Speaking of the tube, there are rather a number of different stories flying around at the moment. Whilst I was away, one Tweeter asked whether the proposed Northern line closures had disappeared on account of Boris' dissolution of the Private Finance Initiative with Tubelines. It's really quite an astonishing story, and will result in TfL basically buying out Tubelines. Apparently, London Assembly member Caroline Pidegon thinks it's good news and Boriswatch hasn't said anything about it, being more concerned with the vanity factor of Boris' new routemaster so I'm concluding that perhaps users won't suffer the closures after all. On that note, I've been wondering when the 453 bendy bus to Lewisham is due to be de-commissioned and replaced with something less bendy, but I don't really want to draw attention to it. Its replacement (unless it were replaced with something uber-frequent) would never have the capacity. It's currently a seriously stuffed bus, and it would be bad for passengers were it replaced with something smaller. (So cyclists on this South London route must suffer). Also, I suspect the fact remains that Boris has no love for South London so he's not particularly interested in transport down here. Don't move to Peckham or Camberwell if you can help it, since the tube isn't coming any time soon.
But, some remedial measures will need to be introduced due to solve over-crowding. In an under-reported article, I note that Boris has approved the suggestion that the Northern line be split at Kennington to impreove service on the Charing Cross branch. It will mean that all South bound Charing Cross trains terminte at Kennington (although a lot of them currently seem to do so). London Travelwatch have said "It's not the perfect solution". Oh dear. And that of course begs the question about whether the station will need to be closed to enable those works to be carried out! Inevitably, the answer is "yes", so if we don't lose out on account of Tubelines closing the station, we risk losing out through the increased line capacity. Perhaps it won't need to be closed to make the amendments, but I wouldn't hold my breath.
If Kennington travellers avoid disruption for the above reasons, it will be a miracle. I hardly think, however, that they can avoid future closure were the Battersea section of the Northern line to be built! And, apparently, consultation from Treasury Holdings about the Battersea tube extension began yesterday. Check out the full Battersea tube consultation leaflet here. Don't get too excited. It seems that they're consulting on a number of routes, route 1 looks as though it's a direct route to Battersea Power Station (possibly via Oval). This involves less hassle, and is most likely to be the cheapest. But, oh dear... What about the proposed stop at Nine Elms? That's Route 2. It might cost a bit more to build a new tube station, but if we don't petition hard, Vauxhall is going to be packed (see below). However, do look carefully, route 2 involves a South Nine Elms stop (on top of Sainsburys car park), which doesn't look to be so near the embassy. Can't see it getting off the ground. Route 3 is interesting, and one I hadn't considered. It would connect Kennington to Vauxhall and then send Vauxhall on to Battersea, and Vauxhall would act as a hub. But think of the congestion already at Vauxhall. Wouldn't it make things worse? And finally, there's route 4, which might be known as the US Embassy Express, which would link Kennington to Nine Elms North and then to Battersea. This will probably be favoured by the Embassy themselves, who will have to cough up some of the cash. Anyhow, this is just the consultation stage. Remember what happened to the Cross River Tram, despite all of the consultation...

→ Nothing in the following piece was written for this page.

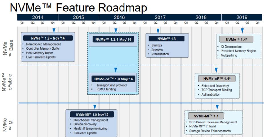 第一個NVMe規(guī)范逐漸增加了更新的功能——1.2版本中的實(shí)時固件更新和1.3版本中的清理功能已經(jīng)在SCSI和SATA中很常見了。明年年中推出NVMe 1.4版本將增加IO Determinism功能,以確?缇W(wǎng)絡(luò)和存儲的緊密且一致的延遲。同時,新增的管理規(guī)范也提供了管理設(shè)備機(jī)箱的能力。

On a related note, Lambeth Council seem to have finally produced a document which concludes by stating what we all knew... The Victoria line is at capacity. Well, duh! But it's still ok to build the Nine Elms development (which will have the same population as Welwyn Garden City) on account of the fact that we could extend the concourse at Vauxhall. The document actually says, "The proposed works to Vauxhall Station, seek to reduce station congestion and improve public realm around the station by bringing the arch to the south of the station (former car rental office) into use as an extension to the existing concourse." There are two slight problems. The building that might be intended for the concourse extension is currently mooted to be the site of a new supermarket. Perhaps it could be both. But if the Waitrose rumours are true, I can't see the Waitrose shoppers loving to share their shop with the over-spill from Vauxhall tube station. And, secondly, note that extending the capacity at Vauxhall Station doesn't actually increase the capacity of the Victoria line. So there's not really any net gain, other than creating a holding pen for travellers.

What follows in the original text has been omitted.